A lot of people who have for years worshipped Aneurin Bevan have now turned against their hero because of his support for the H-Bomb at the Labour Party Conference. Bevan says that he is as strongly against the bomb as ever he was and that his speech and vote at Brighton (decided on “after a lot of agonising thinking”), were only designed to find “the most effective way of getting the damned thing destroyed” : but this is a bit too subtle for those who have passionately believed that Bevan was hundred per cent, against the bomb and now find that he isn’t.
But actually the disgruntled Bevanites have little ground for complaint for, as it happens, Bevan has changed his politics hardly at all. If any deception has been carried out it is their own self-deception; an obstinate refusal to take note of what Bevan has for years been saying and doing.
If a few of them are genuine pacifists who resolutely refuse to support armaments or war, they are fully entitled to be opposed to Bevan who supported World War II and the Korean War, and conscription and re-armament, but they cannot pretend that Bevan has deceived them about his record of war-supporting.

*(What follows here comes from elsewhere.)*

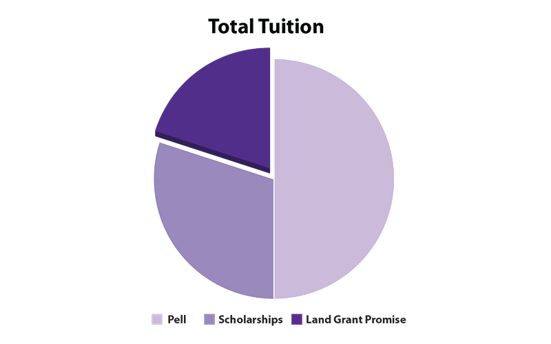 K-State is committed to fulfilling its land-grant mission by offering essential financial support to talented Kansas undergraduate students pursuing a world-class education at the university. The K-State Land Grant Promise assures that full-time, Pell-eligible undergraduates with a total household income of $70,000 or less will receive a total grant and scholarship aid package up to the equivalent cost of 15 credit hours of in-state tuition.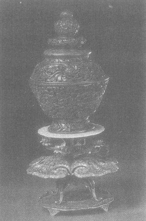 | 释义 | 镂空玉花薰 镂空玉花薰清乾隆。口径14厘米。北京故宫博物院藏。花薰是一种薰香用具,清代流行以玉制花薰,北京故宫博物院与台北故宫博物院现存不少宫廷所藏玉花薰。此花薰盖、器均用碧绿色玉制作。盖呈多级宝塔状,其上雕有莲花、莲瓣及缠枝牡丹。器本身通雕缠枝莲花,其间饰有八宝纹。器内放一鎏金铜碗,缕缕香烟可从透雕的空隙中缓缓散出。香薰下有一青玉琢制的托盘,雕有如意形云头纹。托盘之下为铜胎掐丝珐瑯器座。器座造型复杂,由折枝莲花,如意云形盘,花叶形支架和一圆盘组成。花薰高贵典雅,托盘淡雅怡人,器座富丽堂皇,给人以多层次美的享受,是乾隆时期典型的难度高、工艺精湛的玉制代表作。

With others the revulsion of feeling may appear to be more soundly based, but again it will not stand examination. They take the view (like Bevan) that armaments are necessary and that war is sometimes unavoidable and must be supported no matter what the cost in death and destruction. They reject the Socialist view that war arises from capitalism and can only be got rid of by establishing Socialism. They can stomach it all, the millions of dead and maimed, the trench warfare, machine guns and artillery, the bombing raids, the napalm and even the A-Bomb— but the H-Bomb. No !
(Front page article by H, Socialist Standard, November 1957)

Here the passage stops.